Items listed in a dataset:
____________________

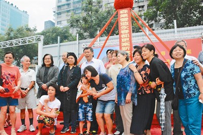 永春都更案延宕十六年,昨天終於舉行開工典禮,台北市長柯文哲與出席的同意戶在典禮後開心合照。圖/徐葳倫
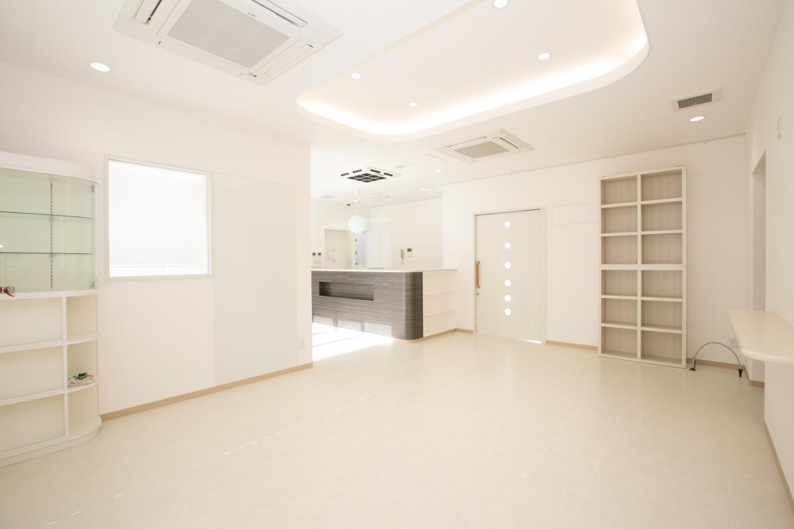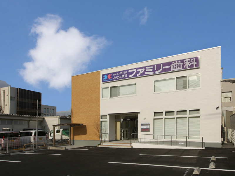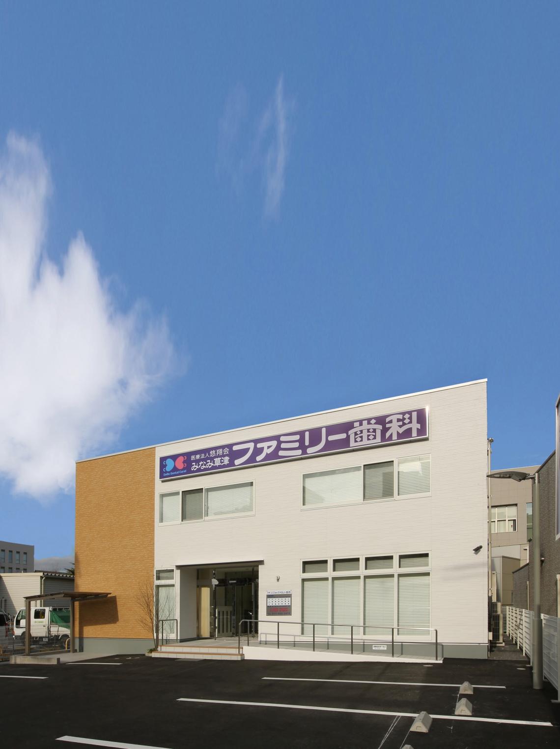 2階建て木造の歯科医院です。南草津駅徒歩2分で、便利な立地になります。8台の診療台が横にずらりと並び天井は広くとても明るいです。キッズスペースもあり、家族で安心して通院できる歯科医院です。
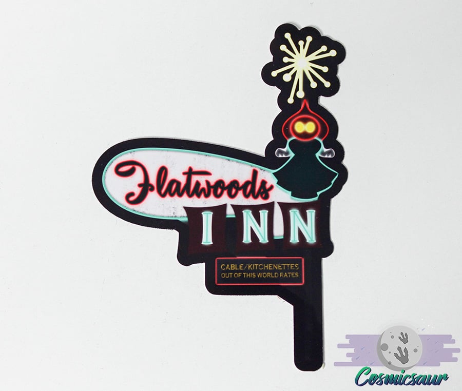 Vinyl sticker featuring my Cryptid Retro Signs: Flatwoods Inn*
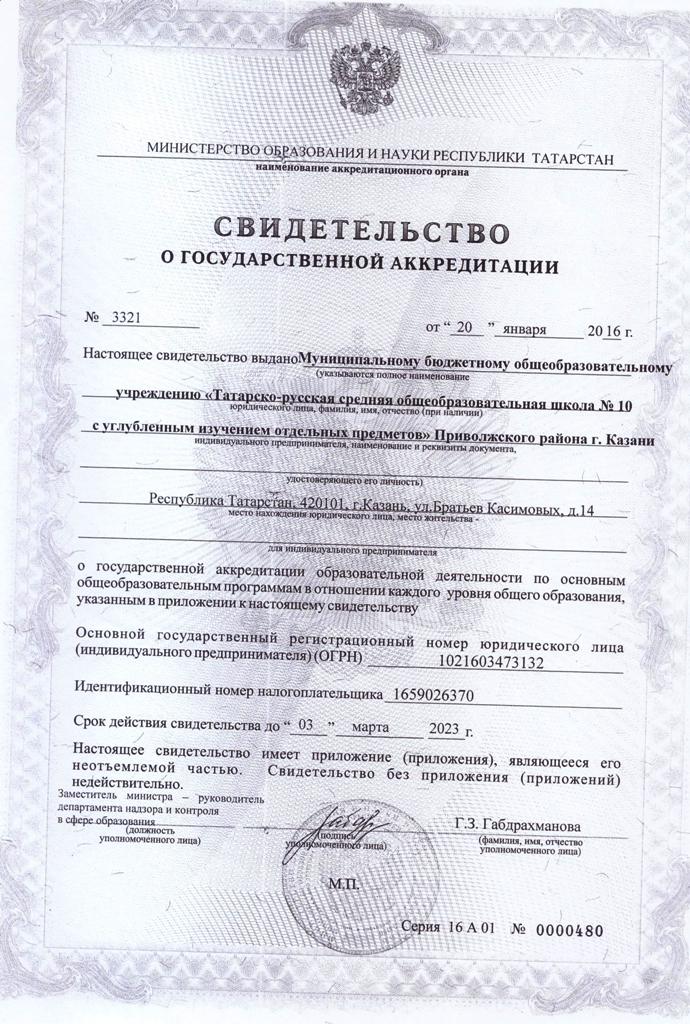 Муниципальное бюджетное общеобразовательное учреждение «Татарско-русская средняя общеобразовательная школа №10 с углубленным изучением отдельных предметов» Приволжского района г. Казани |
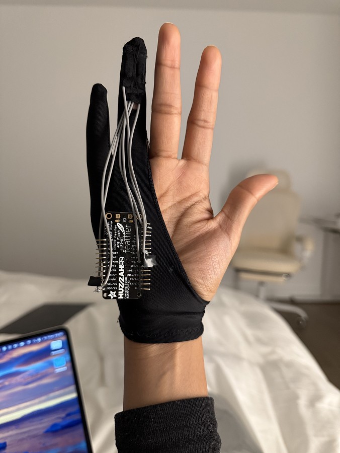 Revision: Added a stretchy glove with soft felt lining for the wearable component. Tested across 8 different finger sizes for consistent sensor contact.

____________________

**WORK ORDER**
With the pictures excluded, retype the records above verbatim.

**ANSWER TO THIS EXERCISE**
 永春都更案延宕十六年,昨天終於舉行開工典禮,台北市長柯文哲與出席的同意戶在典禮後開心合照。圖/徐葳倫
 2階建て木造の歯科医院です。南草津駅徒歩2分で、便利な立地になります。8台の診療台が横にずらりと並び天井は広くとても明るいです。キッズスペースもあり、家族で安心して通院できる歯科医院です。
 Vinyl sticker featuring my Cryptid Retro Signs: Flatwoods Inn*
 Муниципальное бюджетное общеобразовательное учреждение «Татарско-русская средняя общеобразовательная школа №10 с углубленным изучением отдельных предметов» Приволжского района г. Казани |
 Revision: Added a stretchy glove with soft felt lining for the wearable component. Tested across 8 different finger sizes for consistent sensor contact.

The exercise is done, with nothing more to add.